Content starts
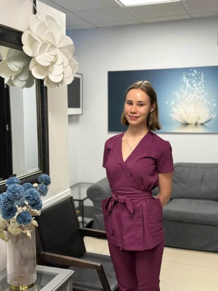 W gabinecie Klaudia nie tylko wykonuje zabiegi takie jak depilacja laserowa czy mezoterapia mikroigłowa, ale również aktywnie asystuje lekarzowi przy procedurach z zakresu medycyny estetycznej. Prowadzi konsultacje kosmetologiczne, zawsze stawiając na indywidualne podejście, bezpieczeństwo i skuteczność terapii. Jej pasją jest łączenie wiedzy akademickiej z codzienną praktyką, by zapewnić pacjentom najwyższy standard opieki i widoczne efekty zabiegów.
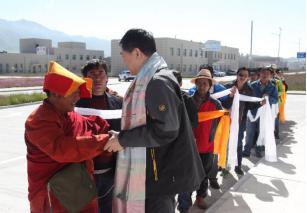 北京清华长庚医院援藏医疗团队圆满完成医疗任务,藏族同胞们听说专家团将要离开果洛,都自发组织成群结队地来到机场送机。一条条洁白的哈达被他们奉在手心,蓝天白云下,带着最虔诚的敬意和最美好的祝愿,和专家团成员们一同返回北京……
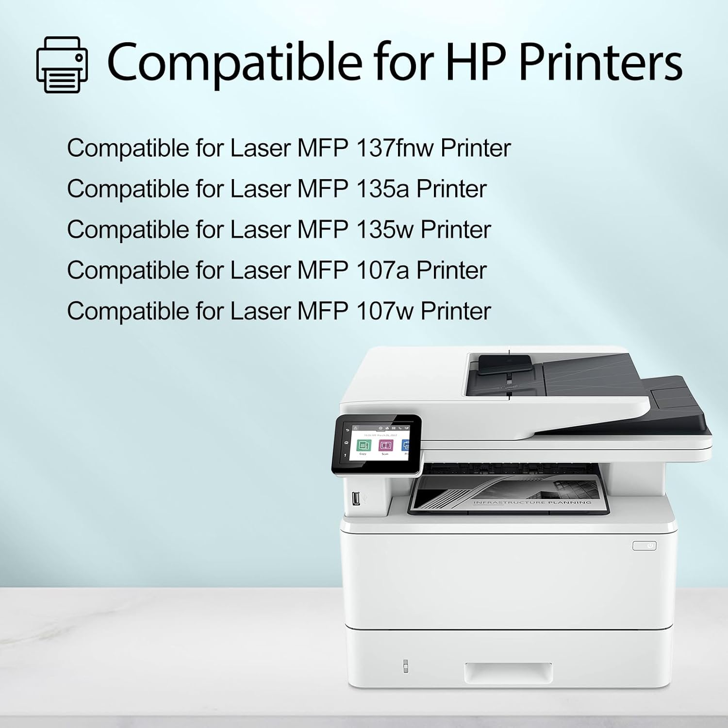 • Compatible for HP Printers (Made in North America) : Laser MFP 137fnw / Laser MFP 135a / Laser MFP 135w / Laser MFP 107a / Laser MFP 107w / Laser MFP137fwg / Laser MFP 135ag / 135r / 135wg / Laser 107r Printer
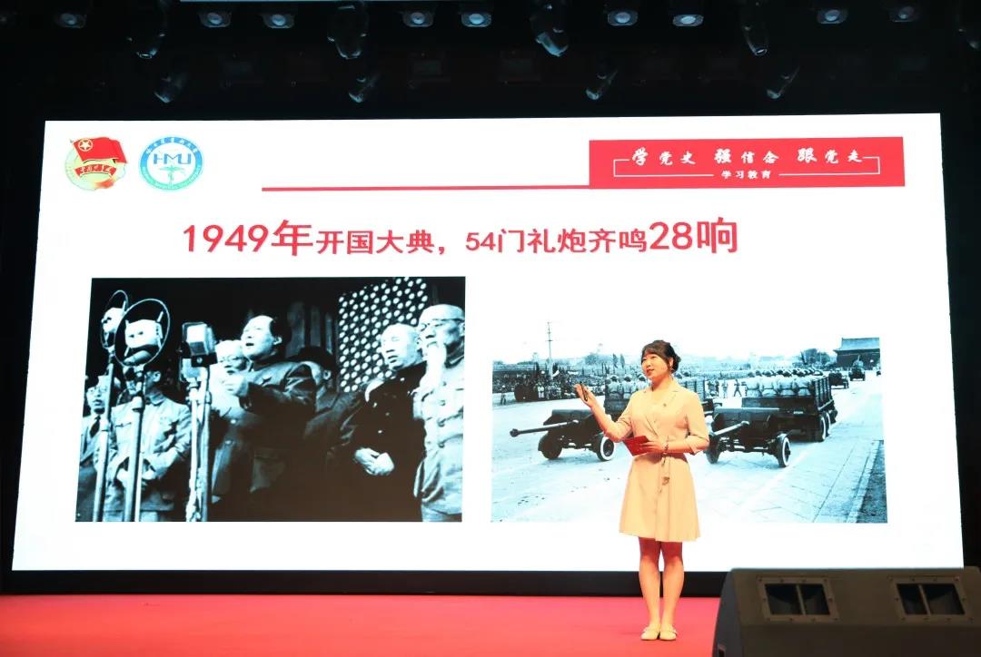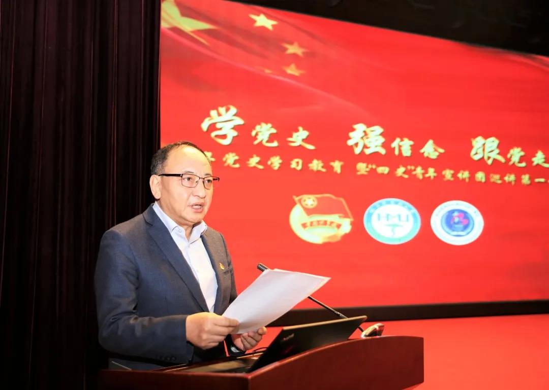 为庆祝中国共产党成立100周年,讴歌党的丰功伟绩,深情回顾党的奋斗历史,引导广大青年坚定不移听党话、跟党走,6月1日下午17:30,青年党史学习教育暨“四史”青年宣讲团巡讲第一场在哈医大一院学术报告厅召开。在建党百年之际,哈尔滨医科大学“四史”青年宣讲团成员走进哈医大一院进行党史学习教育宣讲,让广大青年师生从党史中汲取红色力量,补足精神之钙。
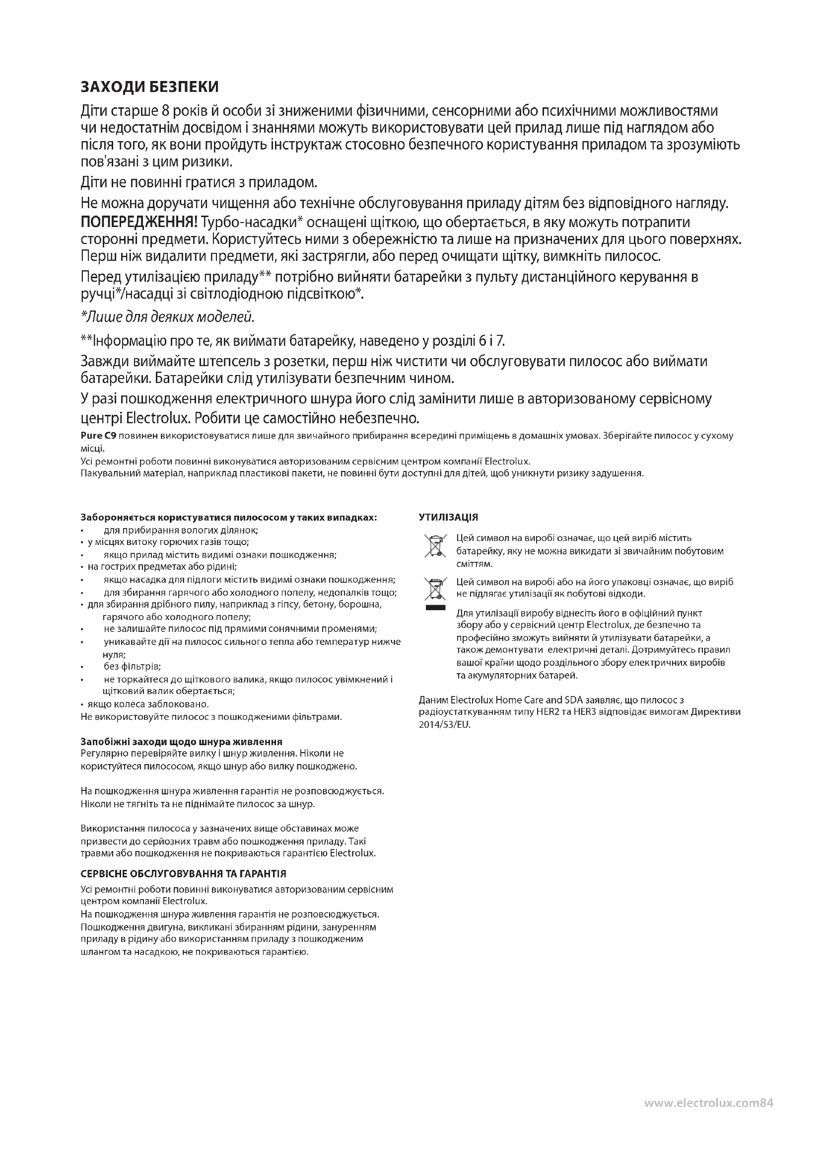 Цей символ на виробі або на його упаковці означає, що виріб не підлягає утилізації як побутові відходи. Для утилізації виробу віднесіть його в офіційний пункт збору або у сервісний центр Electrolux, де безпечно та професійно зможуть вийняти й утилізувати батарейки, а також демонтувати електричні деталі. Дотримуйтесь правил вашої країни щодо роздільного збору електричних виробів та акумуляторних батарей. Даним Electrolux Home Care and SDA заявляє, що пилосос з радіоустаткуванням типу HER2 та HER3 відповідає вимогам Директиви 2014/53/EU.85www.electrolux.com
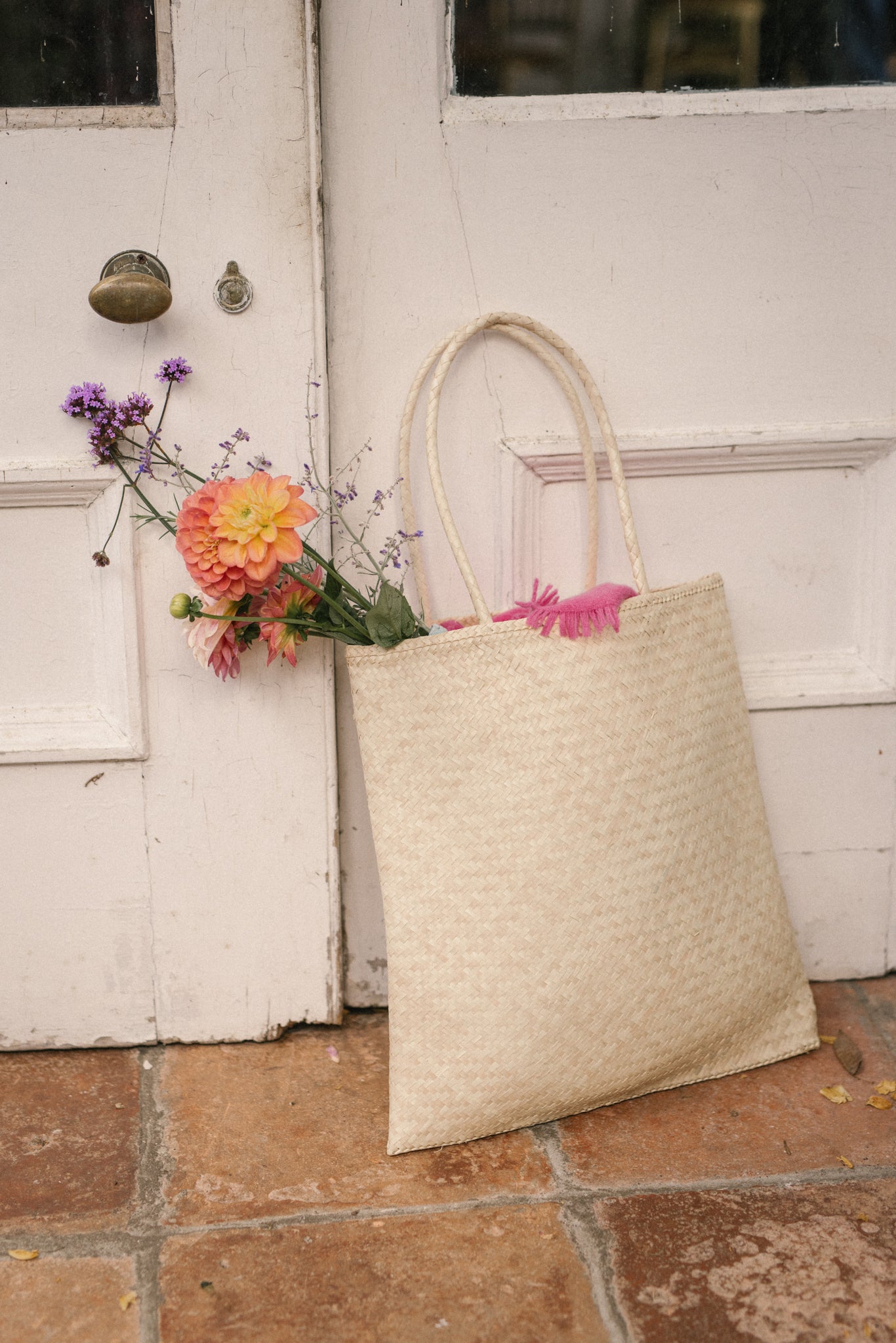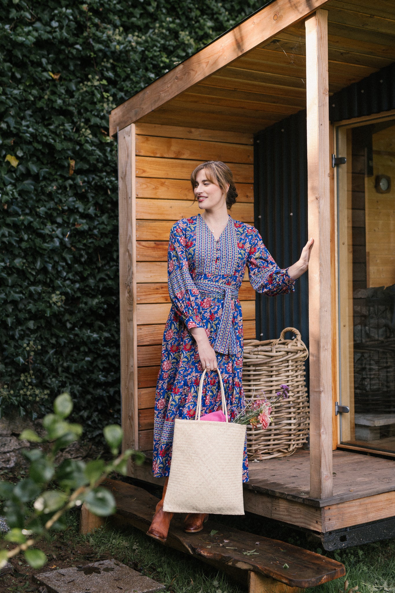This basket bag is destined for dreamy summer days. Hand-crafted from woven raffia, this small style is worked to a squared flat shape, making her the ideal holiday basket to pack. She has navy and orange diagonal stripes hand woven into the basket. She makes the perfect shopper for strolling around town and equally good taken to the beach.
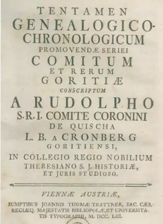 Wurzbach III, 12 - Coreth 164 - Giese 60 - Valentinelli, 209 - Combi 1099 - Manzano 68.- Titelauflage der 1752 erschienenen Erstausgabe. - Frühestes und bedeutendstes Werk des Görzer Geschichtsforschers. - Titel mit Monogr.-Stempel, braunfleckig, 1 Tab. mit Einriss, Ebd. tls. etw. berieben.
Content ends
*Task statement*.
Above are the records; copy exactly the lines from the one with "为庆祝中国共产党成立100周" through the one with "This basket bag", including both, and nothing more. Leave out pictures.

*Task solution*.
 为庆祝中国共产党成立100周年,讴歌党的丰功伟绩,深情回顾党的奋斗历史,引导广大青年坚定不移听党话、跟党走,6月1日下午17:30,青年党史学习教育暨“四史”青年宣讲团巡讲第一场在哈医大一院学术报告厅召开。在建党百年之际,哈尔滨医科大学“四史”青年宣讲团成员走进哈医大一院进行党史学习教育宣讲,让广大青年师生从党史中汲取红色力量,补足精神之钙。
 Цей символ на виробі або на його упаковці означає, що виріб не підлягає утилізації як побутові відходи. Для утилізації виробу віднесіть його в офіційний пункт збору або у сервісний центр Electrolux, де безпечно та професійно зможуть вийняти й утилізувати батарейки, а також демонтувати електричні деталі. Дотримуйтесь правил вашої країни щодо роздільного збору електричних виробів та акумуляторних батарей. Даним Electrolux Home Care and SDA заявляє, що пилосос з радіоустаткуванням типу HER2 та HER3 відповідає вимогам Директиви 2014/53/EU.85www.electrolux.com
This basket bag is destined for dreamy summer days. Hand-crafted from woven raffia, this small style is worked to a squared flat shape, making her the ideal holiday basket to pack. She has navy and orange diagonal stripes hand woven into the basket. She makes the perfect shopper for strolling around town and equally good taken to the beach.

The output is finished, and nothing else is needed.